За те двадцать пять лет середины XIX века Сараево дважды посещала чума и один раз холера. При этом Вышеград придерживался правил, которые на случай заразных болезней завещал, согласно преданию, своей духовной пастве сам Магомет: «Пока где-то свирепствует болезнь, вы туда не ходите, ибо можете там заразиться, если же болезнь свирепствует у вас, не ходите никуда, ибо вы можете заразить других». Но так как люди не придерживаются и наиполезнейших установлений, даже когда они исходят от божьего посланника, если только «силой власти» не бывают к этому принуждены, то при каждой вспышке очередного мора власти ограничивали или вовсе прекращали всякое сообщение. И жизнь в воротах снова меняла свой облик. Озабоченные или беспечные, задумчивые или поющие – местные обитатели исчезали с балконов, и на опустевшем диване, опять как во времена беспорядков и войн, помещались караульные. Они останавливали путников, идущих из Сараева, криками и угрожающими взмахами ружей прогоняя их назад. С крайними мерами предосторожности принималась почта у верховых. В воротах для таких оказий горел небольшой костер из «пахучего дерева», обильно дымивший белым дымом. Стражники брали клещами каждое письмо и окуривали его над этим дымом. Только после этой процедуры обезвреженная почта отправлялась дальше. Товары же вообще не пропускались. Но главная морока была не с почтой, а с людьми. Дня не проходило без того, чтобы несколько человек проезжих, гонцов, торговцев и бродяг не осаждали кордон. Еще на подходе к мосту часовой давал им знак рукой, что дальше нет прохода. Путник останавливался и принимался упрашивать стражу, объясняя и растолковывая свой случай. Каждый был при этом убежден, что его совершенно необходимо пропустить в город, и клялся и божился, что он здоров, как кизиловое дерево, а к холере не имеет никакого касательства, поскольку она гуляет где-то там, в Сараево. В этих уверениях путник мало-помалу продвигался к середине моста и подбирался к воротам. Тут и остальные караульные включались в переговоры, а так как они велись при соблюдении некоторой дистанции, то все надрывно кричали и отчаянно жестикулировали. Караульные, впрочем, кричали еще и от обильного потребления ракии, которую они заедали чесноком. Особенность их службы давала им полное право на это, ибо считалось, что оба эти средства отлично помогают от заразы; и караульные вовсю пользовались этим своим правом.

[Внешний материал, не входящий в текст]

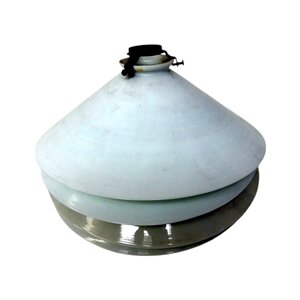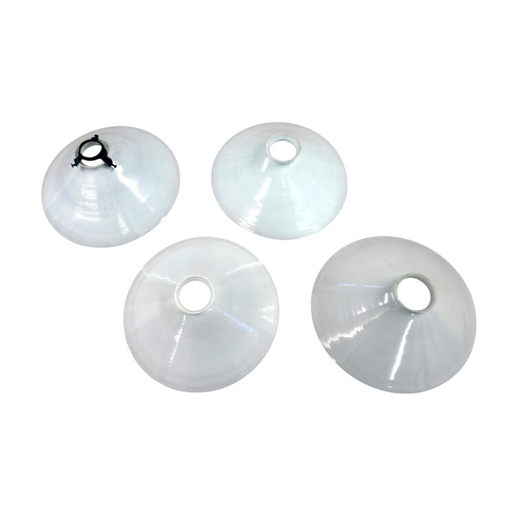 Vier antieke glazen lampenkapjes uit 1920 van melkglas. Conditie: goed, vertonen gebruikssporen. Afmetingen: diameter 26 cm, hoogte 9 cm.

Иные путники, устав упрашивать и умолять, бывало, отступались и, удрученные, махнув рукой на свои неотложные дела, уходили дорогой через Околиште обратно. Но попадались и другие, – упорные и терпеливые, они часами топтались в воротах в надежде подстеречь минуту слабости, рассеянности или просто счастливый случай. Если на мосту оказывался невзначай начальник местного сторожевого поста Салко Хедо, то у путников не оставалось никакой надежды. Хедо являлся образцовым носителем подлинной, священной власти, которая почти не видит и не слышит того, с кем говорит, и занимается им лишь постольку, поскольку необходимо поставить его на отведенное ему существующими законами и предписаниями место. И пока он выполняет свой долг, он слеп и глух, а когда покончит с этим, он становится и нем, И тогда напрасны заклинания и лесть.
– Салих-ага, да я ж здоров…
– Ну и проваливай туда, откуда пожаловал. Давай, давай отсюда!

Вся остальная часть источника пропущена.